- **Available data**
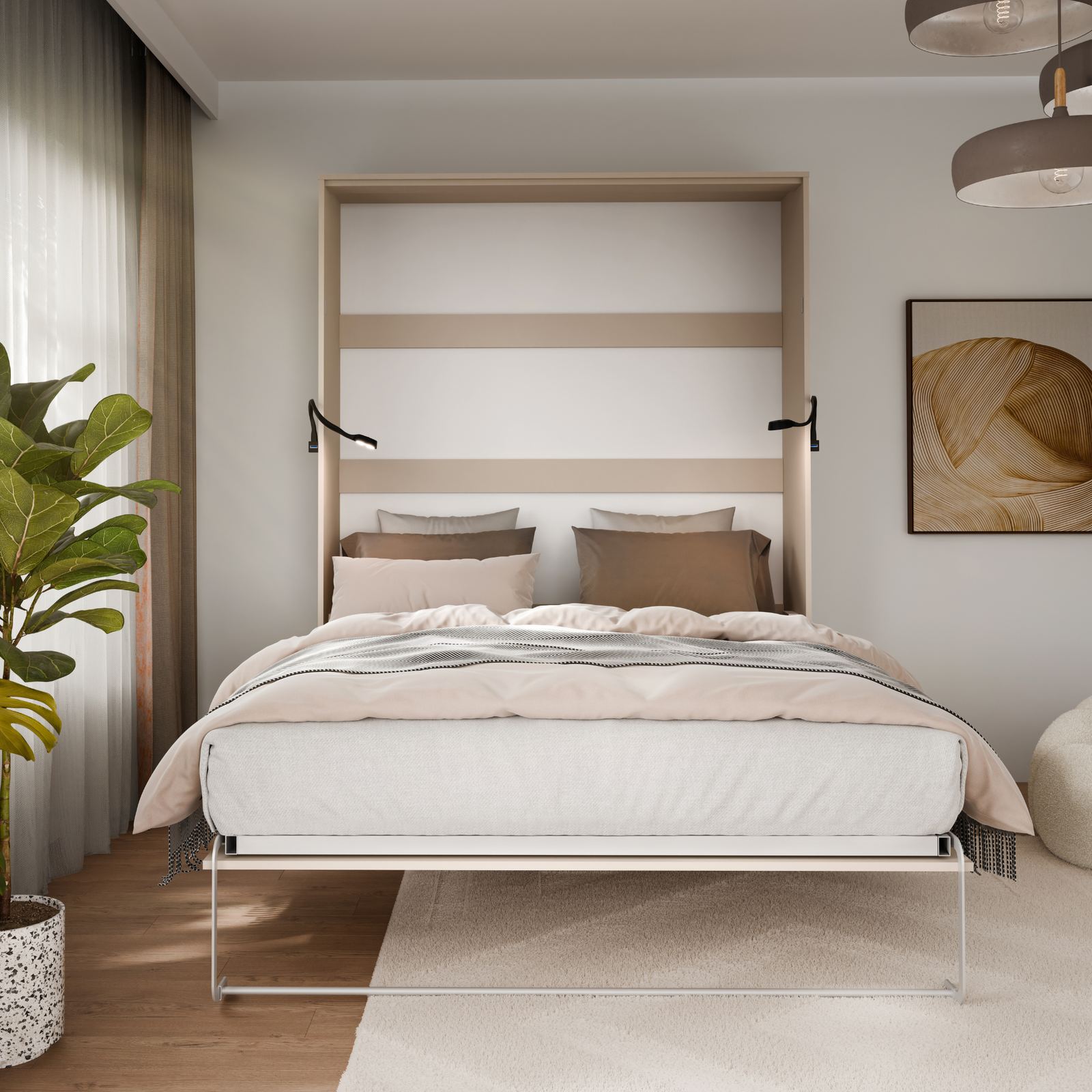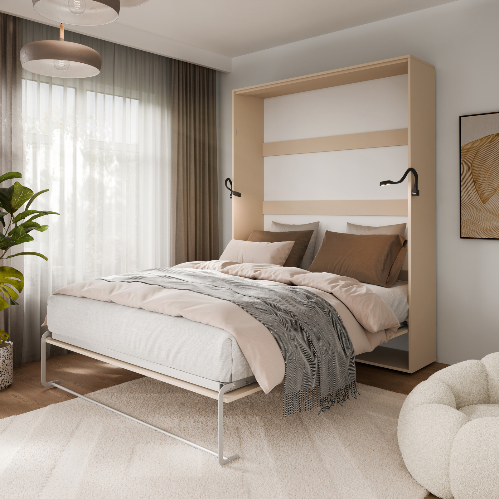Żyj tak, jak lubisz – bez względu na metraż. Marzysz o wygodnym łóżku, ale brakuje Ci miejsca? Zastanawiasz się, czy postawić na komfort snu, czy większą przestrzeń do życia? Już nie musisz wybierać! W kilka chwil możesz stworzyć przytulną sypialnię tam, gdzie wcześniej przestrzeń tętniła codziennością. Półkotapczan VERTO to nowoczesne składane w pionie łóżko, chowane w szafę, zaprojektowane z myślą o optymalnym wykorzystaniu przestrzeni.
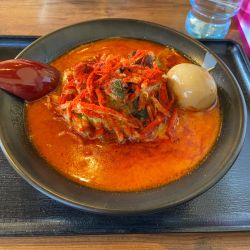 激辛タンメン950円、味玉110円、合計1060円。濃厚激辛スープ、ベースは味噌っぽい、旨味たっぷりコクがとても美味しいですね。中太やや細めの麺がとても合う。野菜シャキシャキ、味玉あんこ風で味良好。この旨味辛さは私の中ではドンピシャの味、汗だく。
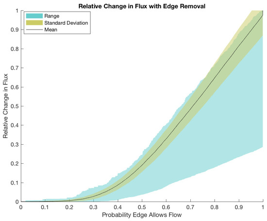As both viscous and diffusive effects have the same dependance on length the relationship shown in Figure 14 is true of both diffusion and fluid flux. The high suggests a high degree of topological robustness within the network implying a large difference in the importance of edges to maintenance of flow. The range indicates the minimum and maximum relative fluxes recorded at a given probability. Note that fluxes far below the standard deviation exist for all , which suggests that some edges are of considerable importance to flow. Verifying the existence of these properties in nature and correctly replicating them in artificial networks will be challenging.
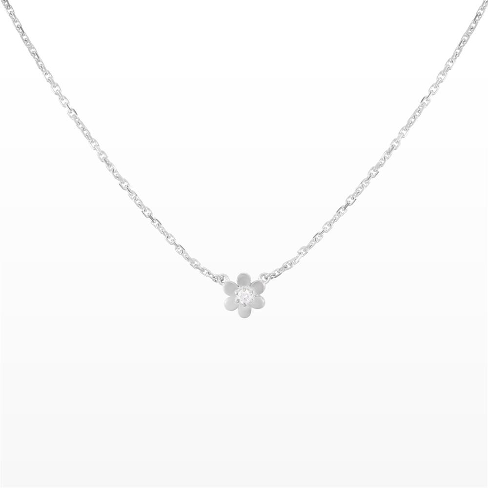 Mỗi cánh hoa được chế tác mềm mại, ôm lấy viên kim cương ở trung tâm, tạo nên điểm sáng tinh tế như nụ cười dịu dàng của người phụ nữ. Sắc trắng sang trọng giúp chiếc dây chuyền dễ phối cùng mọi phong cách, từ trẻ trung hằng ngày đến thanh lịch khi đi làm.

- **Work required**
Lines from the start of the material through the line containing "激辛タンメン950円、味玉1" are to be restated word for word; no picture may be included.

- **Your solution**
Żyj tak, jak lubisz – bez względu na metraż. Marzysz o wygodnym łóżku, ale brakuje Ci miejsca? Zastanawiasz się, czy postawić na komfort snu, czy większą przestrzeń do życia? Już nie musisz wybierać! W kilka chwil możesz stworzyć przytulną sypialnię tam, gdzie wcześniej przestrzeń tętniła codziennością. Półkotapczan VERTO to nowoczesne składane w pionie łóżko, chowane w szafę, zaprojektowane z myślą o optymalnym wykorzystaniu przestrzeni.
 激辛タンメン950円、味玉110円、合計1060円。濃厚激辛スープ、ベースは味噌っぽい、旨味たっぷりコクがとても美味しいですね。中太やや細めの麺がとても合う。野菜シャキシャキ、味玉あんこ風で味良好。この旨味辛さは私の中ではドンピシャの味、汗だく。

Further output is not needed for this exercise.